▶ _Extracted information_:
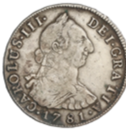
262 90 €
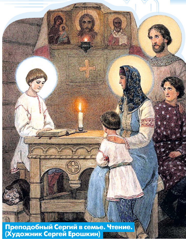
Преподобный Сергий в семье. Чтение. (Художник Сергей Ерошкин)

В связи с началом учёбы и связанными с ней трудностями хочется вспомнить и нашего великого русского святого – преподобного Сергия Радонежского. Из его жития мы видим, что ему в юном возрасте невероятно тяжело давалось учение. Он очень переживал из-за этого
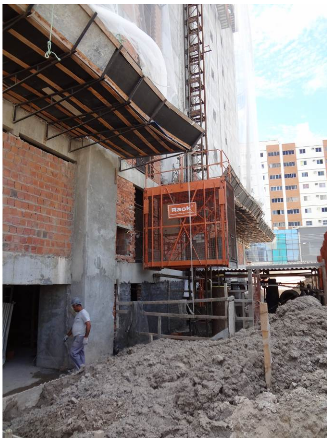
4.10 elevador de obra (foto do dia 15/12/2015)
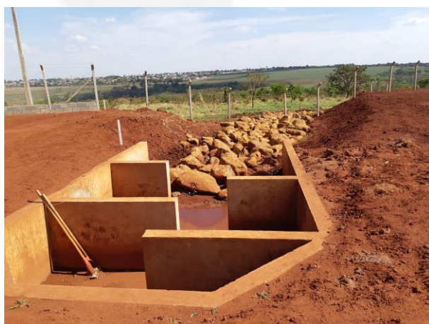
Foto 03. Dissipador de energia seguido por enrocamento
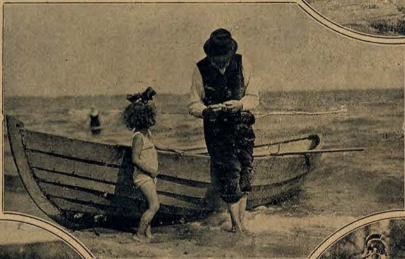
Poważna rozmowa z rybakim.
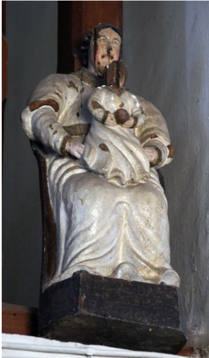
Vierge à l'enfant, dite Notre-Dame de la Joie, statue (petite nature), bois polychromé, 17e ou 18e siècle (garde-corps de la tribune).
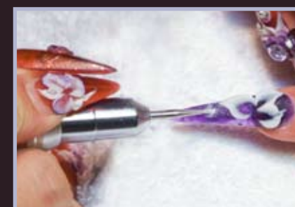
8. Nawiercamy frezarką otwór na biżuterijny, jubilerski kamień.
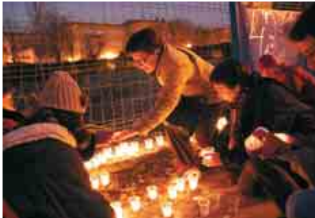
300 personas se concentraron el pasado 14 de enero ante el recinto de la Escuela Infantil «Valle de Oro», que la Consejería de Educación cerró hace un año, para reclamar la construcción de una nueva escuela de titularidad pública.

En contraste con estos datos, hay 22 millones de euros más para la privada

▶ _Exercise description_: Give back each line above exactly, with pictures dropped.

▶ _Result for this task_:
262 90 €
Преподобный Сергий в семье. Чтение. (Художник Сергей Ерошкин)

В связи с началом учёбы и связанными с ней трудностями хочется вспомнить и нашего великого русского святого – преподобного Сергия Радонежского. Из его жития мы видим, что ему в юном возрасте невероятно тяжело давалось учение. Он очень переживал из-за этого
4.10 elevador de obra (foto do dia 15/12/2015)
Foto 03. Dissipador de energia seguido por enrocamento
Poważna rozmowa z rybakim.
Vierge à l'enfant, dite Notre-Dame de la Joie, statue (petite nature), bois polychromé, 17e ou 18e siècle (garde-corps de la tribune).
8. Nawiercamy frezarką otwór na biżuterijny, jubilerski kamień.
300 personas se concentraron el pasado 14 de enero ante el recinto de la Escuela Infantil «Valle de Oro», que la Consejería de Educación cerró hace un año, para reclamar la construcción de una nueva escuela de titularidad pública.

En contraste con estos datos, hay 22 millones de euros más para la privada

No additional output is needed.